Kants hoofdvraag is ‘Hoe is de speciale metafysica als wetenschap mogelijk?’
Kant onderscheid twee soorten metafysica:
1. Metafysica specialis: ‘God, de ziel en de kosmos’. Speciale metafysica is een
‘wetenschappelijke’ discipline die zoekt naar bewijzen voor vraagstukken waar we
eigenlijk geen (empirisch) antwoord op kunnen geven. Kant stelt zich zeer kritisch op
tegenover de speciale metafysica, omdat:
a) Er zijn geen vaste theorieën en ideeën om je thesis aan te meten, er is dus geen
fundament van kennis.
b) Hierdoor is er ook geen vooruitgang in de discipline, want alles wat wordt opgebouwd
wordt ook direct weer neergehaald, er worden geen vaste conclusies getrokken.
Tegelijkertijd ziet Kant de speciale metafysica als een oneindige zoektocht naar deze kennis,
simpelweg omdat het in de menselijke aard zit. We moeten erin geloven zonder
epistemologisch bewijs, net zoals dit met religie het geval is.
2. Metafysica generalis: principes der natuur, natuurwetten.
Vanaf de mid-achttiende eeuw werd speciale metafysica een probleem, met name voor
denkers als Kant en Hume.
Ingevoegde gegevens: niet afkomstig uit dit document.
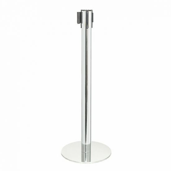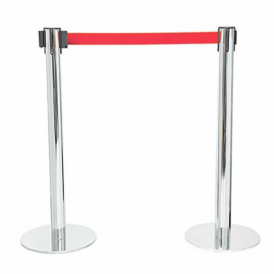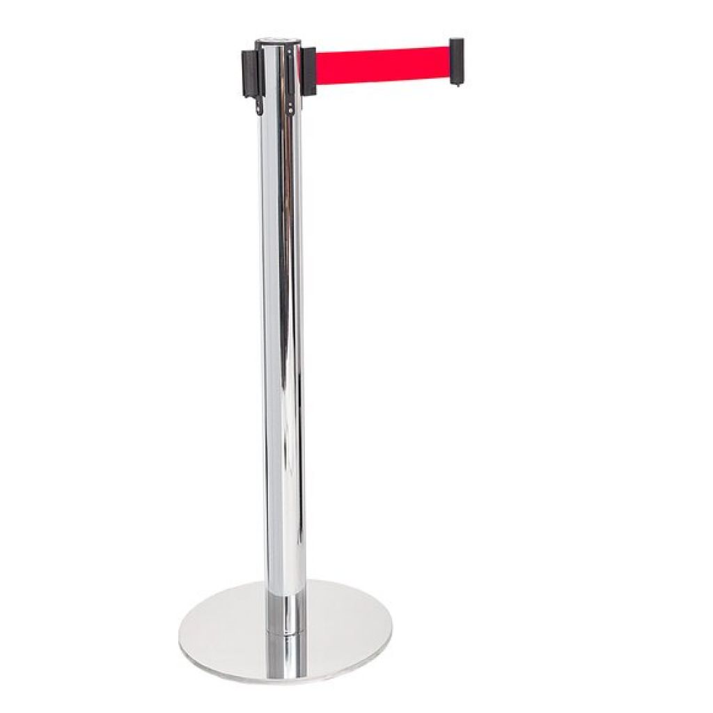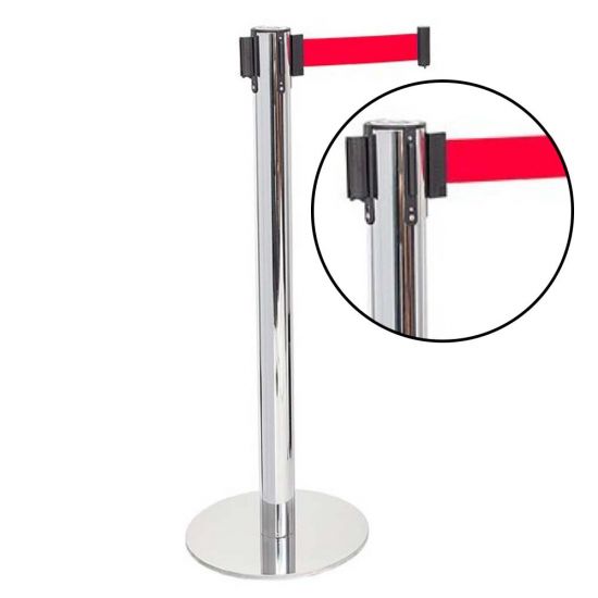 Stalp de ghidare si delimitare, cromat, cu banda retractabila, rosie, 3 metri
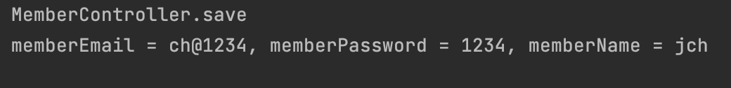 System.out.println("memberEmail = " + memberEmail + ", memberPassword = " + memberPassword + ", memberName = " + memberName);
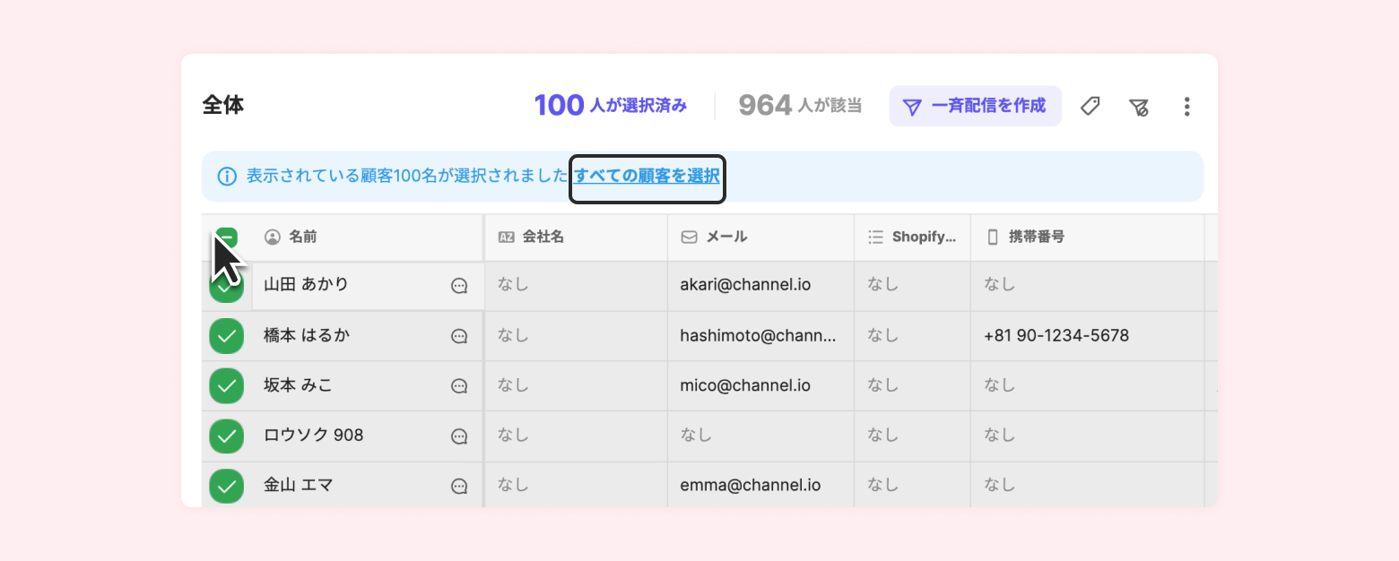 [すべての顧客を選択する] をクリックすると、スクロールなしで検索されたすべての顧客を選択できます。

Speciale metafysica werd vanaf dit moment buiten de
mogelijkheidsvoorwaarden geplaatst, dus niet als empirisch of wetenschappelijk perse.
Het empirisme en rationalisme
Kant reageerde op het empirisme en rationalisme uit zijn tijd. Hij was erg kritisch naar beide
stromingen, en zijn theorie verenigde uiteindelijk de twee.
Het rationalisme stelt analytisch a priori kennisoordelen centraal.
‘a priori’ betekent dat de kennis technisch gezien niet nieuw is, omdat deze proposities al in
het concept aanwezig zijn – er is geen ervaring nodig om deze propositie te ontdekken.
‘analytisch’ wil zeggen dat door middel van conceptuele analyse de kennis vergaard kan
worden.
In andere woorden stelt het rationalisme dat kennis vergaard kan worden door
conceptanalyse, en dat deze kennis eigenlijk al vastbesloten in ons hoofd zat.
Het empirisme stelt synthetisch a posteriori kennisoordelen centraal.
‘a posteriori’ betekent dat kennis uit ervaring wordt geleerd.
‘synthetisch’ betekent dat de kennis een toevoeging is op de bestaande kennis, maar dat een
tegengestelde propositie ook denkbaar is, en dat daarom de kennis nooit volledig zeker is.
In andere woorden stelt het empirisme dat nieuwe kennis vergaard kan worden uit
ervaring.
De reactie van Kant is de verbinding van ‘a priori’ aan ‘synthetisch’. Kant beargumenteert dat
synthetisch a priori kennisoordelen mogelijk zijn, en zet vervolgens uiteen hoe dit mogelijk is.
Hieruit volgt dat er natuurwetten zijn die we wel degelijk zeker kunnen weten, omdat deze
principes a priori aanwezig zijn in ons verstand.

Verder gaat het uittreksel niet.